Program in Genetics, Genomics, and Bioinformatics, University at Buffalo-State University of New York, Buffalo, United States.
Department of Biology, Miami University, Oxford, United States.
Elife. 2024 Oct 11;13:RP96738. doi: 10.7554/eLife.96738.
Annotation of newly sequenced genomes frequently includes genes, but rarely covers important non-coding genomic features such as the -regulatory modules-e.g., enhancers and silencers-that regulate gene expression. Here, we begin to remedy this situation by developing a workflow for rapid initial annotation of insect regulatory sequences, and provide a searchable database resource with enhancer predictions for 33 genomes. Using our previously developed SCRMshaw computational enhancer prediction method, we predict over 2.8 million regulatory sequences along with the tissues where they are expected to be active, in a set of insect species ranging over 360 million years of evolution. Extensive analysis and validation of the data provides several lines of evidence suggesting that we achieve a high true-positive rate for enhancer prediction. One, we show that our predictions target specific loci, rather than random genomic locations.
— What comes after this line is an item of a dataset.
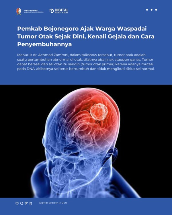 Bojonegoro, – Pemkab Bojonegoro melalui RSUD Soesodoro DJatikoesoemo mengajak warga untuk selalu mewaspadai tumor otak sejak dini. Ajakan ini disampaikan dalam program siar radio SAPA! (Selamat Pagi) Malowopati FM, Rabu (15/01/2024)

Two, we predict enhancers in orthologous loci across a diverged set of species to a significantly higher degree than random expectation would allow. Three, we demonstrate that our predictions are highly enriched for regions of accessible chromatin. Four, we achieve a validation rate in excess of 70% using in vivo reporter gene assays. As we continue to annotate both new tissues and new species, our regulatory annotation resource will provide a rich source of data for the research community and will have utility for both small-scale (single gene, single species) and large-scale (many genes, many species) studies of gene regulation. In particular, the ability to search for functionally related regulatory elements in orthologous loci should greatly facilitate studies of enhancer evolution even among distantly related species.
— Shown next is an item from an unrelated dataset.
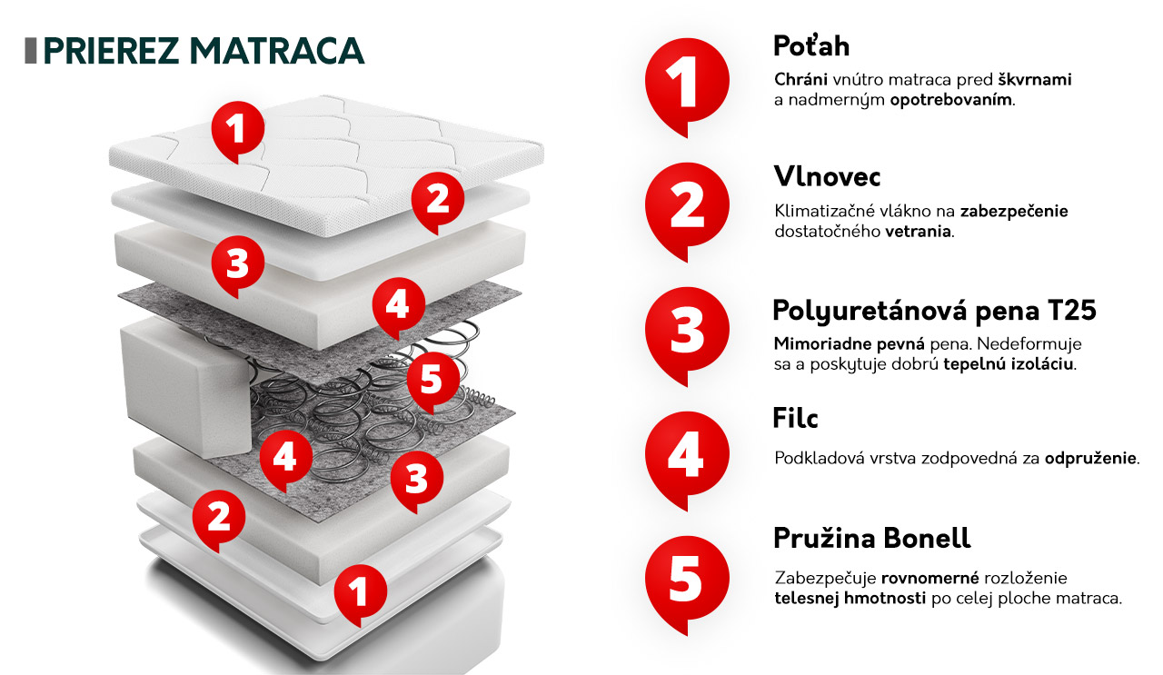 - odporúča sa matrac otáčať každé 2-3 mesiace,

注释新测序的基因组通常包括基因,但很少涵盖重要的非编码基因组特征,如调节基因表达的 -调控模块-例如,增强子和沉默子。在这里,我们通过开发一种快速初始注释昆虫调控序列的工作流程来开始弥补这种情况,并为 33 个基因组提供了一个可搜索的增强子预测数据库资源。使用我们之前开发的 SCRMshaw 计算增强子预测方法,我们预测了超过 280 万个调控序列,以及它们预计活跃的组织,这些序列涵盖了超过 3.6 亿年的进化历史的昆虫物种。对数据的广泛分析和验证提供了几条证据表明,我们实现了高的增强子预测真阳性率。首先,我们表明我们的预测针对特定的基因座,而不是随机的基因组位置。其次,我们在一组分化的物种中预测到了同源基因座中的增强子,其程度明显高于随机预期。第三,我们证明了我们的预测高度富集于可及染色质区域。第四,我们通过体内报告基因检测实现了超过 70%的验证率。随着我们继续注释新的组织和新的物种,我们的调控注释资源将为研究社区提供丰富的数据来源,并且对于小规模(单个基因,单个物种)和大规模(多个基因,多个物种)的基因调控研究都将具有实用性。特别是,在同源基因座中搜索功能相关的调控元件的能力应该极大地促进增强子进化的研究,即使在远缘物种之间也是如此。